Kleptomania

Specialty of Psychology

What is kleptomania?

Kleptomania is a mental disorder characterised by an uncontrolled and obsessive impulse to steal. In psychiatry it is considered as an impulse control disorder, which means the person with the disorder has problems resisting the temptation to perform acts which are harmful to either themselves or others.

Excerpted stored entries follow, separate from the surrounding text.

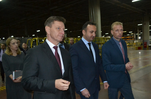 Губернатор, врио его заместителя по внутренней политике Игорь Моховиков и директор департамента инвестиций и внешнеэкономической деятельности областной администрации Денис Давыдов прошли по просторным цехам завода. Их сопровождали заместитель гендиректора предприятия Алексей Маликов и заместитель директора Онур Дулда.
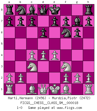 Last move : 1-0 2013 January 27 0:58:11 [Event "FICGS__CHESS__CLASS_SM__000018"] [Site "FICGS"] [Date "2012.12.05"] [Round "1"] [White "Hartl,Hermann"] [Black "Murdzia,Piotr"] [Result "1-0"] [WhiteElo "2496"] [BlackElo "2472"] 1.d4 Nf6 2.c4 g6 3.Nc3 Bg7 4.e4 d6 5.Nf3 1-0 This chess game has been lost on time (started : 2012.12.05 22:1:3) King's Indian : 5.Nf3 Player White won this chess game. Follow this game move after move (download)Chess is imagination. (David Bronstein) Ohne Fehler kann es keine Brillanz geben. (Emanuel Lasker) Uno por uno, yo los acribillé, mi superioridad muy pronto se volvio aparente. (Jose Capablanca) Les réformistes prétendent que les progrès de la théorie conduiront à la disparition des échecs, et qu'il faut, pour leur rendre vie, en remanier les règles. En réalité, qu'exprime cette affirmation? Le mépris de l'intuition, de l'imagination et de tous les autres éléments qui font des échecs un art. (Alexander Alekhine) Are you threatening me, Master Jedi ? (Chancellor Palpatine in Star Wars ep.3)
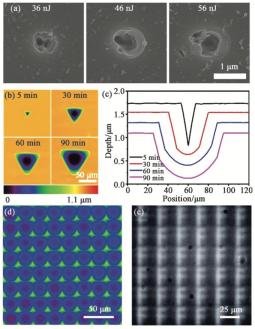 這裏采用的是C相藍寶石,使用不同單脈衝(chong) 能量直接燒蝕得到的結果如圖 7(a)所示。利用該高溫化學反應,單脈衝(chong) 能量為(wei) 36 nJ燒蝕後的藍寶石結構隨刻蝕時間的演化過程如圖 7(b)所示。當在溶液中刻蝕5 min以後,藍寶石表麵的燒蝕微坑已經擴大並演變成倒三棱錐結構,並且隨著刻蝕時間增加。藍寶石表麵微結構的整體(ti) 尺寸也逐漸增加,但是從(cong) 側(ce) 麵圖 7(c)可以看到,在整個(ge) 刻蝕過程中,其斜邊的傾(qing) 斜角度保持不變,但是底部由原來的三棱錐形狀變成了球形。並且隨著刻蝕時間的近一步增加,其底麵的尺寸也隨之變大。經驗證,該底部結構具有比較完美的球麵輪廓。根據這一現象,利用光場調製技術將焦點調製為(wei) 4×4的點陣,焦點之間的間隔略小於(yu) 刻蝕後藍寶石底部的球麵直徑,可以避免由不同晶向引起的三棱柱側(ce) 邊,從(cong) 而實現具有高表麵質量的藍寶石微透鏡陣列結構。圖 7(d)是利用飛秒激光空間光場調製和濕法刻蝕製備的大麵積藍寶石微透鏡陣列結構,可以看到其尺寸分布比較均勻,且都具有比較好的成像效果(圖 7(e))。
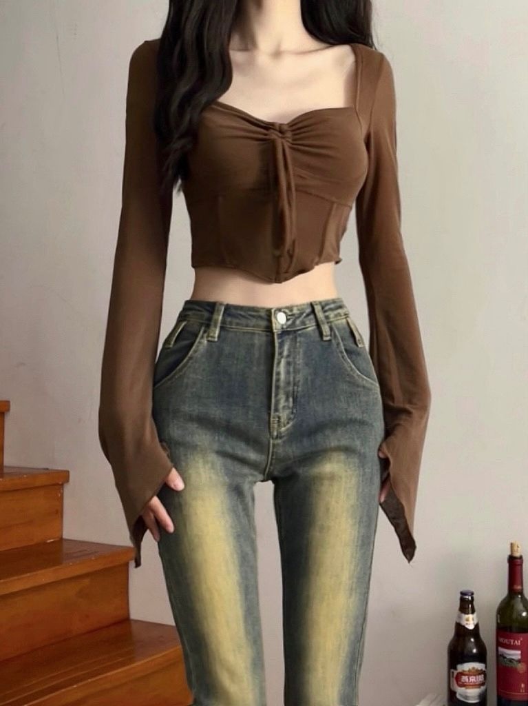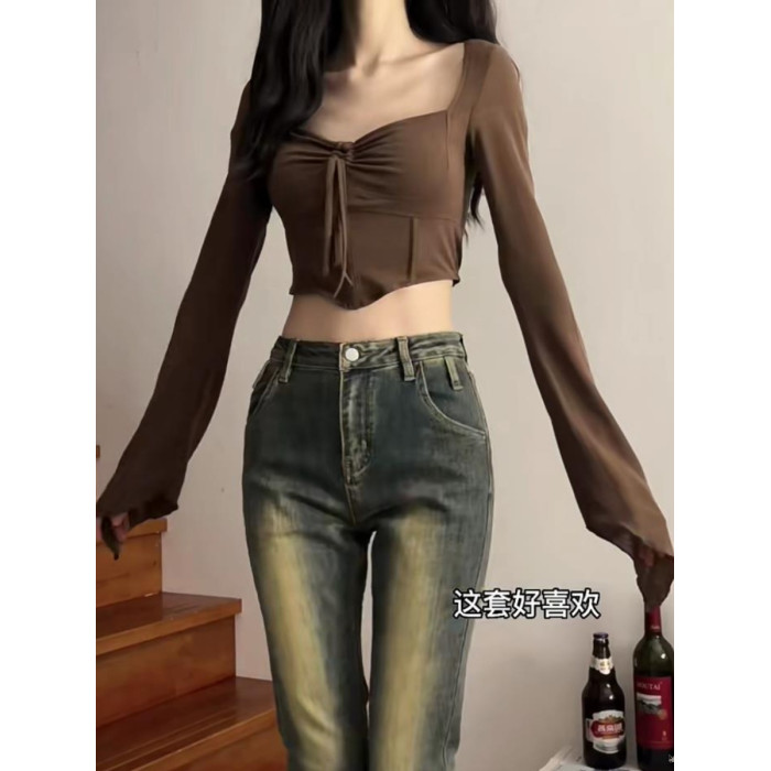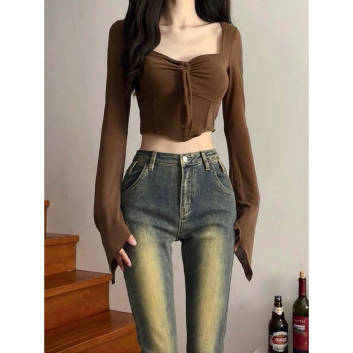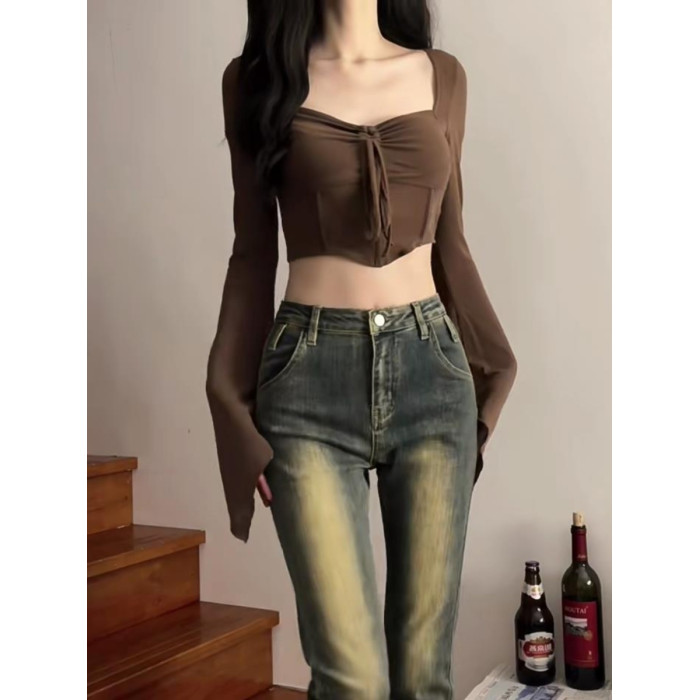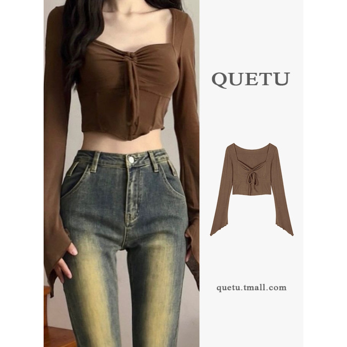 美式性感長袖T恤打底衫女裝早秋季新款設計感純欲辣妹短款小上衣
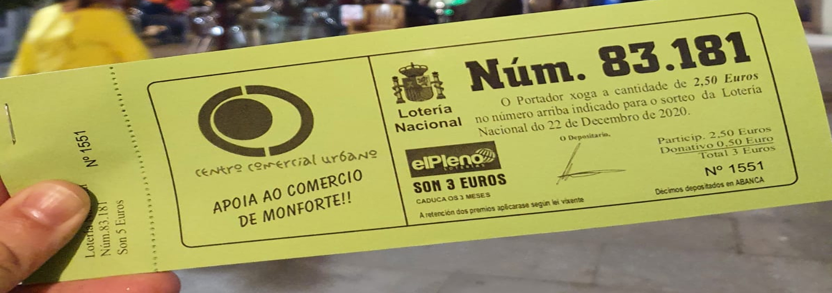 Como cada ano, desde o Centro Comercial Urbano de Monforte poñemos a disposición dos nosos clientes participacións de 3€ da Lotería de Nadal. Xa a podes comprar en máis de 60 establecementos asociados ao CCU.
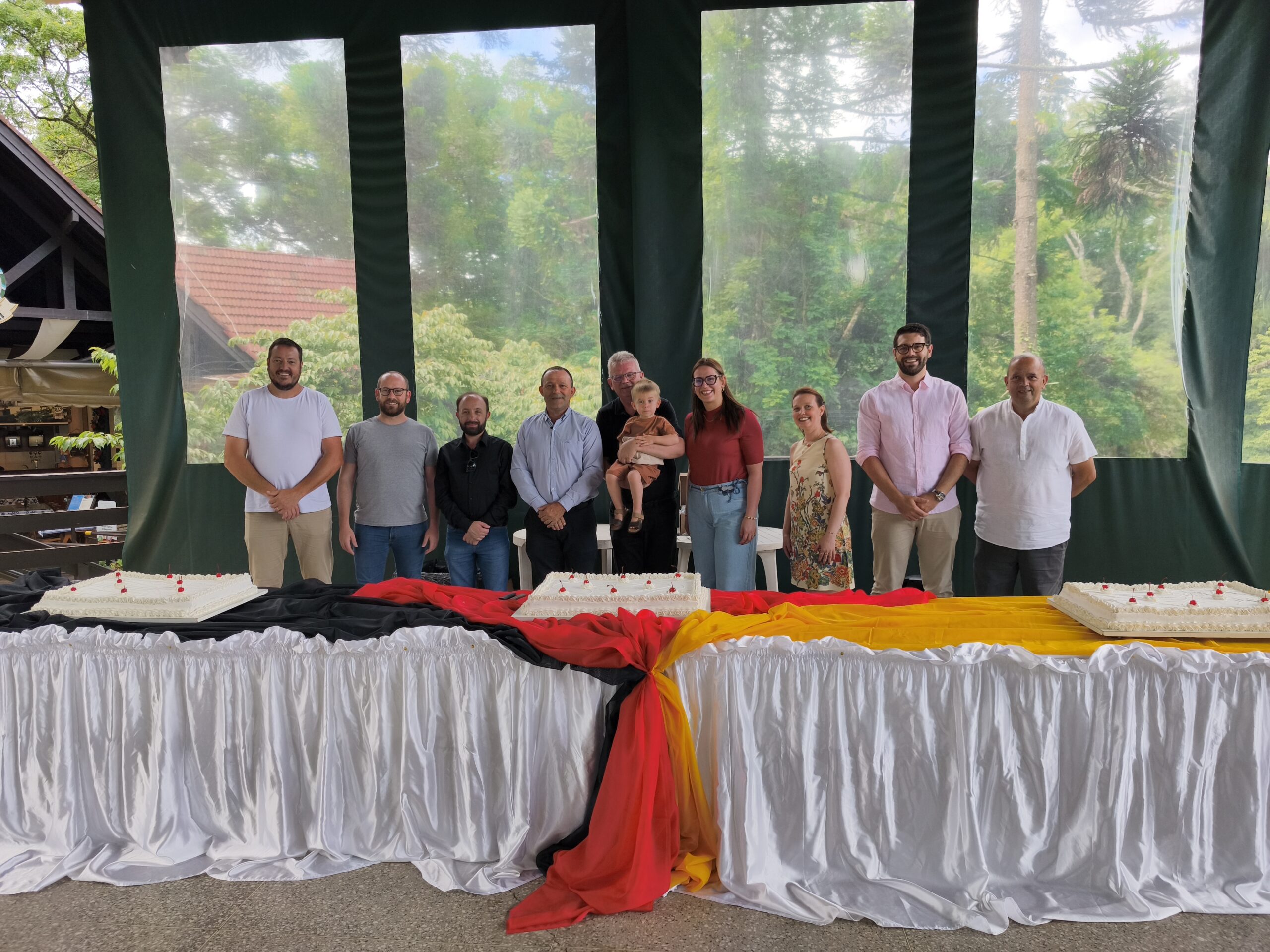 Na tarde do último domingo, 11 de janeiro, ocorreu a comemoração do 41º Aniversário do Parque Aldeia do Imigrante, data que é celebrada nesta segunda, dia 12, com uma programação especial que reuniu comunidade e visitantes em um momento de celebração, cultura e confraternização. O prefeito de Nova Petrópolis, Daniel Carlos Michaelsen, e sua esposa, Marisa Michaelsen; o secretário Municipal de Turismo e Cultura, Rodrigo Barbieri Sangali, e a secretária adjunta da pasta, Mayara Senna dos Reis; a secretária Municipal de Educação e Desporto, Caroline Andréia Kehl Matter; o presidente da Câmara de Vereadores, Tarcísio Brescovit, e os vereadores Arthur Schumann (Tuli) e João Batista dos Santos (João Bombeiro); o presidente do Conselho Municipal de Turismo, Marcelo Becker; o presidente do Conselho Municipal de Políticas Públicas Culturais, Mauro Stoffel; a consultora da Urbanes Parques, Daniele Kunzler; e a gerente do Parque Aldeia do Imigrante, Lediane Werner, participaram do ato de cerimônia do evento.
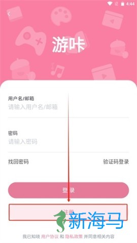 2、启动后,进入游咔的登录界面,点击注册按钮。
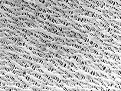 干法單向拉伸工藝是通過生產(chǎn)硬彈性纖維的方法,制備出低結(jié)晶度的高取向聚丙烯或聚乙烯薄膜,在高溫退火過程中,獲得高結(jié)晶度的薄膜。這種薄膜先在低溫下進(jìn)行拉伸形成微缺陷,然后高溫下使缺陷拉開,形成微孔。干法雙向拉伸工藝是中國科學(xué)院化學(xué)研究所在20世紀(jì)90年代初開發(fā)出的具有自主知識(shí)產(chǎn)權(quán)的工藝。干法雙向拉伸工藝,通過在聚丙烯中加入具有成核作用的β晶型改進(jìn)劑,利用聚丙烯不同相態(tài)間密度的差異,在拉伸過程中,使聚丙烯
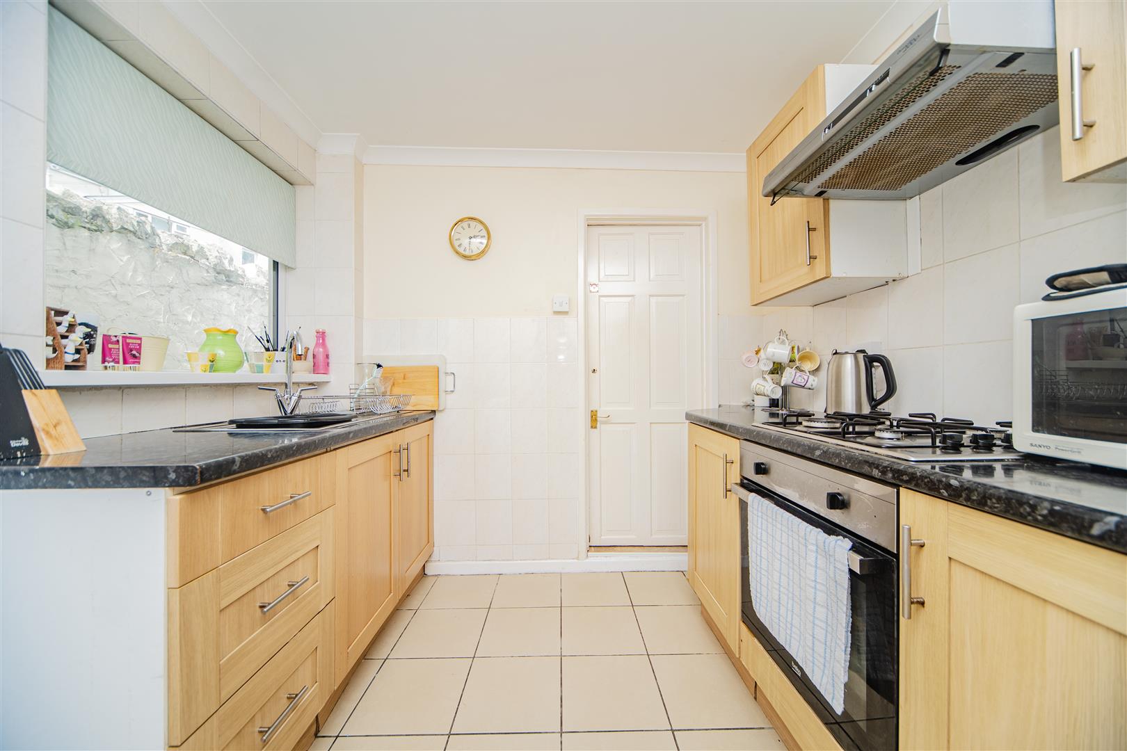 To the rear of the property is the kitchen, fitted with wood-effect units and black worktops, providing ample storage and workspace. From here, there is access to the rear garden, as well as a modern downstairs shower room with white sanitary ware and contemporary splash panels.

What are the symptoms of kleptomania?

The main symptoms are:

  • A powerful impulse to steal objects that one does not really need
  • Growing tension that is relieved by stealing
  • Gratification or pleasure during the theft
  • Sensation of guilt or shame after the theft

Those with kleptomania often experience other types of disorder which affect mood, anxiety, and impulse control. The feelings that a kleptomaniac experiences such as guilt, remorse, and stress, can intensify existing comorbidities, or cause them to happen.

What are the causes of kleptomania?

The exact cause of kleptomania is not known, but it is estimated that there are some risk factors:

  • Problems with serotonin: the substance that helps regulate emotions and moods.
  • Family history: having a family member with kleptomania, problems with alcohol or obsessive-compulsive disorder can increase the risk.
  • Other mental illnesses: usually people with kleptomania also have other mental illnesses, such as obsessive-compulsive disorder, impulse control disorders, anxiety, bipolarity, substance abuse, eating disorders or personality disorders.
  • Brain injuries or head trauma

What is the treatment for kleptomania?

Kleptomania can be treated by several techniques:

  • Psychotherapy: cognitive-behavioral therapy helps identify negative behaviors and thoughts by positive ones. Other therapeutic techniques can be family therapy, couples therapy or psychodynamic therapy.
  • Medication: drugs such as antidepressants, mood stabilizers, anticonvulsants or opioid receptor antagonists can help calm impulses.
  • Self-help groups: receiving support to help overcome or manage the disorder.

Psychiatrists, psychologists and therapists are generally involved in the treatment of kleptomania.